___ INPUT MATERIAL ___
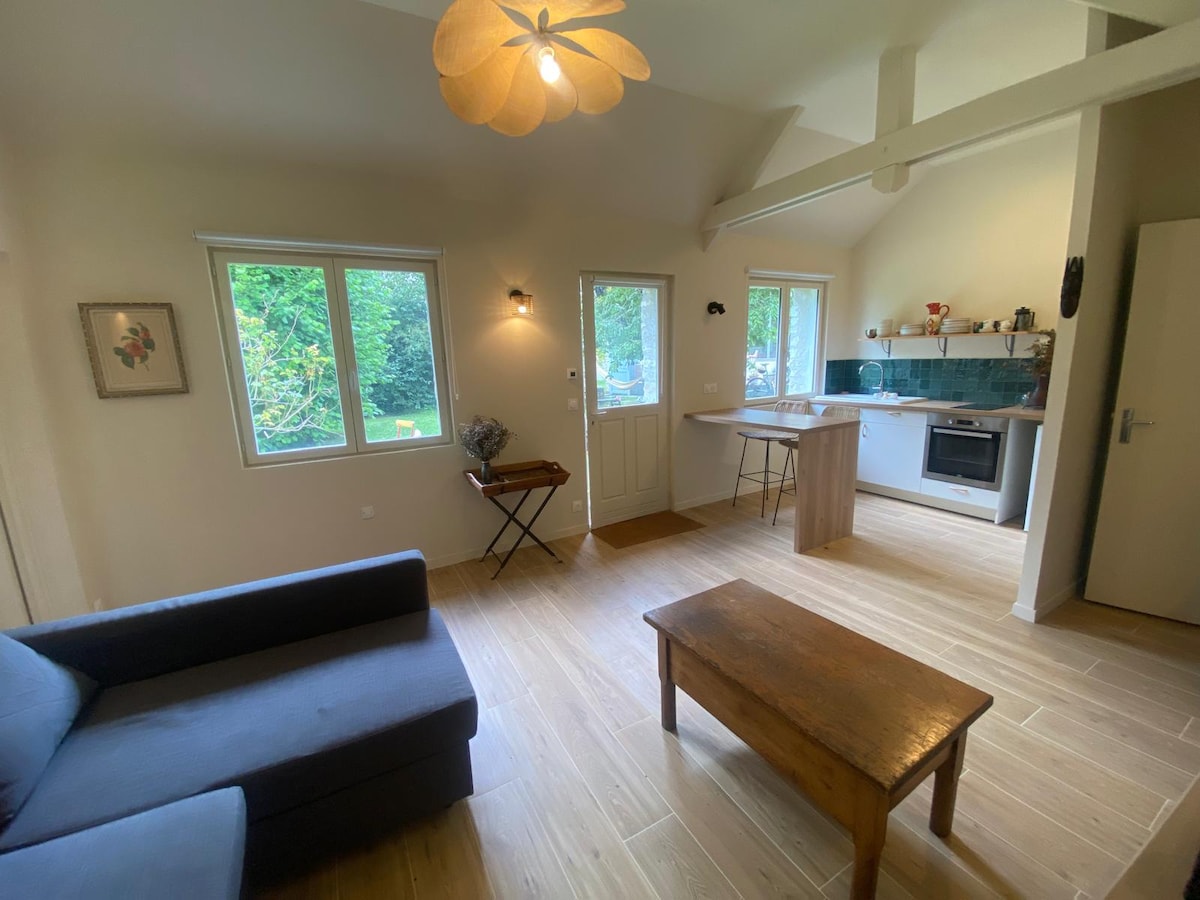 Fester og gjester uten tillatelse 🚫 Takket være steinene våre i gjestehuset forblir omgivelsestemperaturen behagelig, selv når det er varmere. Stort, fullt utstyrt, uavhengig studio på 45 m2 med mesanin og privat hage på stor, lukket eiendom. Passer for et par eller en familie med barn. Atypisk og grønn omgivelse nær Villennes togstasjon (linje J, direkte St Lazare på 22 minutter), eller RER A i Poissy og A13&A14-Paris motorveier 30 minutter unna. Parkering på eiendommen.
___
___ INPUT MATERIAL ___
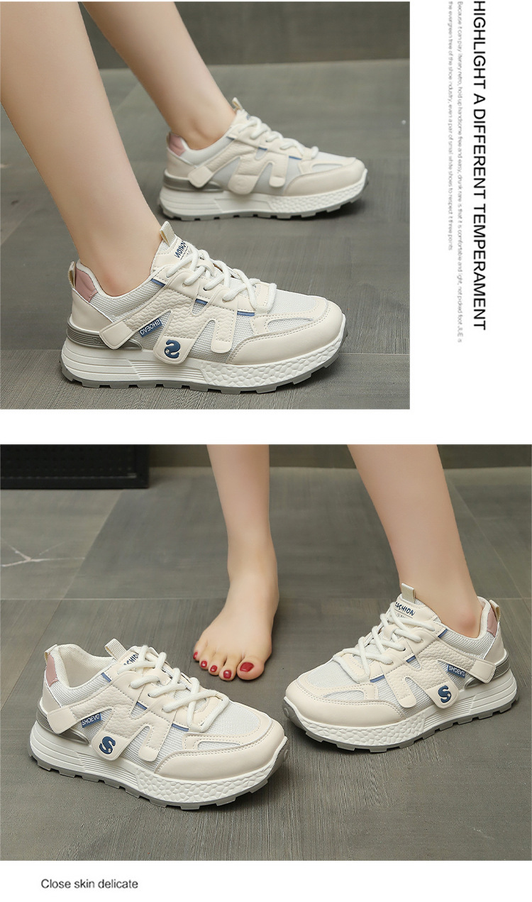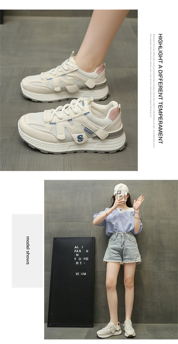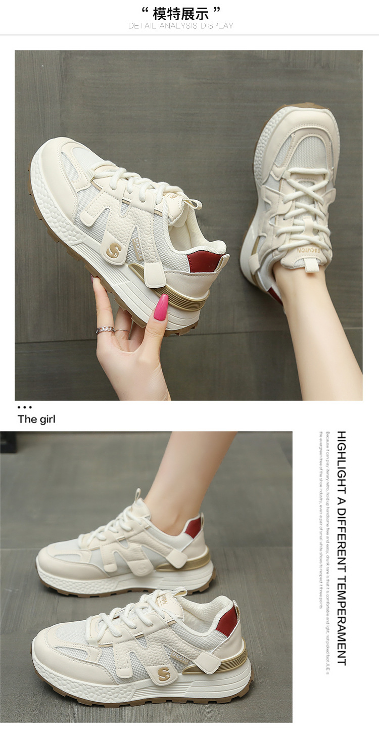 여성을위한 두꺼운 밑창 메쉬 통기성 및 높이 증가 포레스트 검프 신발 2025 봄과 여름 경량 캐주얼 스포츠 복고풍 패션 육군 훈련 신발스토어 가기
___
___ INPUT MATERIAL ___
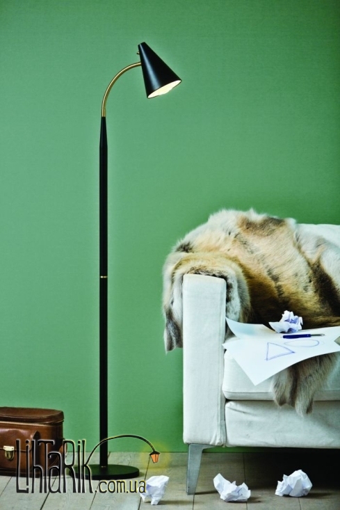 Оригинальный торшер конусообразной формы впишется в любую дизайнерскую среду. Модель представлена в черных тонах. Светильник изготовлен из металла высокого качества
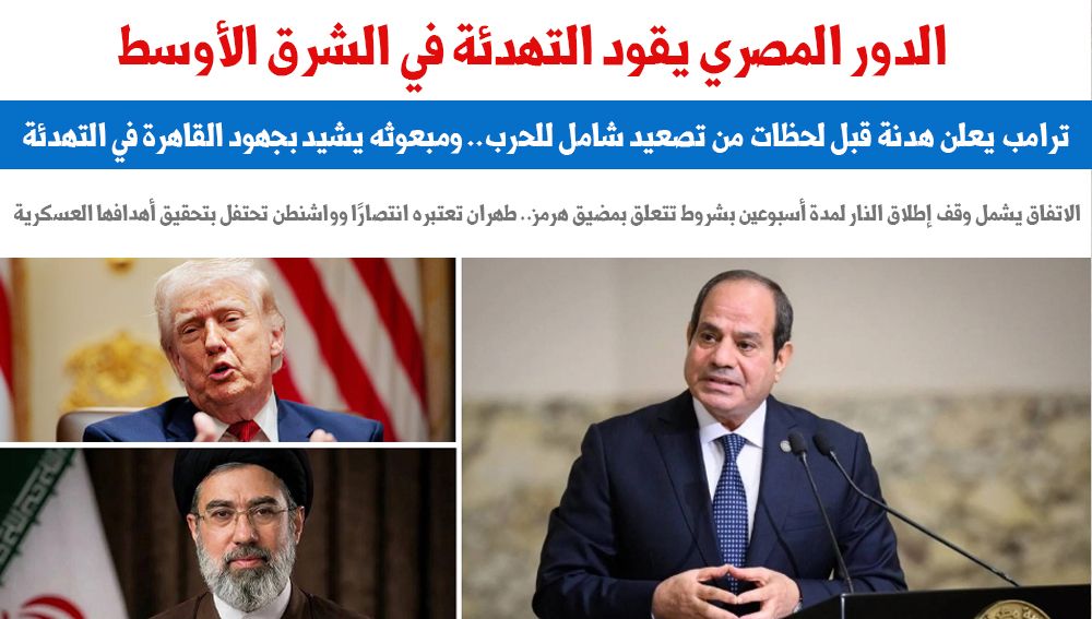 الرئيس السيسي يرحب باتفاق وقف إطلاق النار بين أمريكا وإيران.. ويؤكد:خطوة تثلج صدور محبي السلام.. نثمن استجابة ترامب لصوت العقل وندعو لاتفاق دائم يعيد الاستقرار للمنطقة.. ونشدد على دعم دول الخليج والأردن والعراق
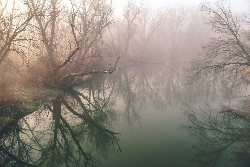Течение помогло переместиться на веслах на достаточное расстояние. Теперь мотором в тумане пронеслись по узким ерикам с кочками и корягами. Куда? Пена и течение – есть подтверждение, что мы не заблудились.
___
ACTIVITY ->
I would like the exact lines from the data above, starting with the one that holds "Оригинальный торшер конусообразной" and going on through the one that holds "Течение помогло переместиться", without the pictures.

EXERCISE ANSWER ->
 Оригинальный торшер конусообразной формы впишется в любую дизайнерскую среду. Модель представлена в черных тонах. Светильник изготовлен из металла высокого качества
 الرئيس السيسي يرحب باتفاق وقف إطلاق النار بين أمريكا وإيران.. ويؤكد:خطوة تثلج صدور محبي السلام.. نثمن استجابة ترامب لصوت العقل وندعو لاتفاق دائم يعيد الاستقرار للمنطقة.. ونشدد على دعم دول الخليج والأردن والعراق
Течение помогло переместиться на веслах на достаточное расстояние. Теперь мотором в тумане пронеслись по узким ерикам с кочками и корягами. Куда? Пена и течение – есть подтверждение, что мы не заблудились.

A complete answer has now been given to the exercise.